Recently, Today’s Dietitian released a list of foods with surprising amounts of fiber, many of which are plant-based. You might be wondering, what’s so great about fiber? Fiber provides more than just “roughage.” High-fiber foods are a great source of healthful, disease-fighting nutrients.

The 2010 Dietary Guidelines for Americans recommend 25 g of fiber per day for women and 38 g per day for men, as well as a dietary pattern with plenty of fiber-rich plant foods. Higher fiber diets are linked to a decreased risk of breast cancer and stroke, and may reduce systemic inflammation. The American Heart Association recommends high-fiber foods for weight management and reduction of cardiovascular disease (CVD) risk, and the American Diabetes Association recommends these foods for blood glucose control.

Are you getting enough fiber? Here are eight unexpected plant-based, fiber-rich foods that you can start including in your diet:

  1. Artichokes

Artichokes have a high amount of fiber, 10.3 g of fiber, or 41% DV. Canned artichoke hearts or fresh artichokes are available at most supermarkets.

  1. Avocados

Avocados provide 54% DV for fiber. Rich, creamy avocados are delicious when diced into a salad or sliced on top of a sandwich. Hello, guacamole!

  1. Collard Greens

One cup of boiled, chopped collard greens provides 30% DV of fiber, which is three times the fiber of kale. Collards are delicious when sautéed, steamed, baked, fried, blanched, or added to soups, stews, or bean dishes.

  1. Dates

Dates are a sweet source of fiber, and one Medjool date provides 6% DV for dietary fiber. Add dates to baked goods, salads or even to a mixture of nuts for a healthy snack.

  1. Lentils

One cup of boiled lentils has 15.6 g of fiber, which is more than 62% DV for dietary fiber. Lentils are great in soups and stews. Plus, you can top salads with lentils.

  1. Potatoes

Although potatoes are often referred to as a “starchy” vegetable, potatoes actually are quite good for your diet. One large Russet potato with the skin on provides 6.9 g of fiber, nearly 28% DV for dietary fiber.

The great part about potatoes is that they can be cooked in multiple ways — baking, roasting, sautéing, and boiling with the skin on are all great ways to ensure you are getting all of this veggie’s healthful fiber.

  1. Quinoa

Although quinoa typically is considered a whole grain, it’s actually the seed of a grain-like crop that is closely related to beets. Quinoa has 5.2 g of fiber in one cup, which provides more than 20% DV for dietary fiber.

  1. Raspberries

Raspberries surprisingly have twice the fiber of blueberries or strawberries. One cup of raspberries provides 8 g of fiber and 32% DV for dietary fiber. Create some delicious vegan pancakes topped with raspberries for breakfast, or even add them to your salad.

Enjoy this recipe, courtesy of Brooklyn-based food blogger, Kristen Baughman.
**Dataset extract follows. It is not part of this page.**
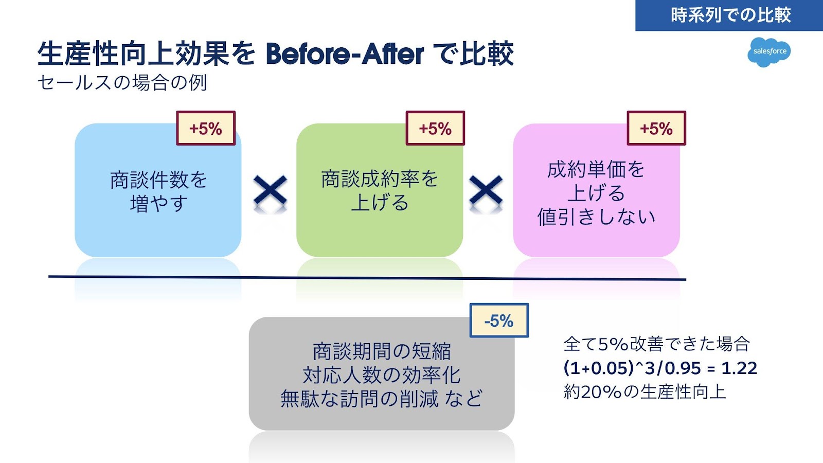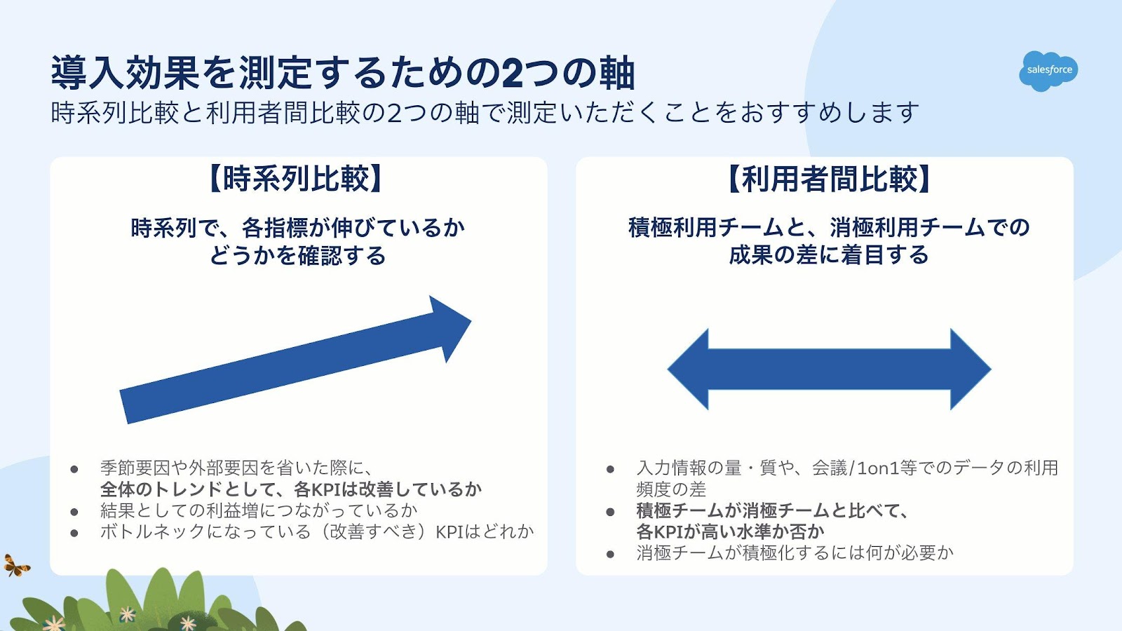 Sales Cloudの導入効果を測る上では、時系列比較と利用者間比較の2つの軸でチェックいただくことをおすすめします。

Avocados are high in fiber and this guacamole is great on it’s own, served with Mexican food, or even to create avocado toast!

Guacamole Recipe


2 avocados, halved, seeded and peeled

1 lime, juiced

1/2 teaspoon of salt

1 serrano pepper

1 tomato, diced

1/2 medium onion, diced

1 tablespoon chopped cilantro


In a large bowl place the scooped avocado pulp and lime juice. Using a potato masher, add the salt and mash. Then, fold in the serrano pepper, tomatoes, onions and cilantro. Squeeze lime juice into the finished product. Serve with tortilla chips and a margarita for the best results!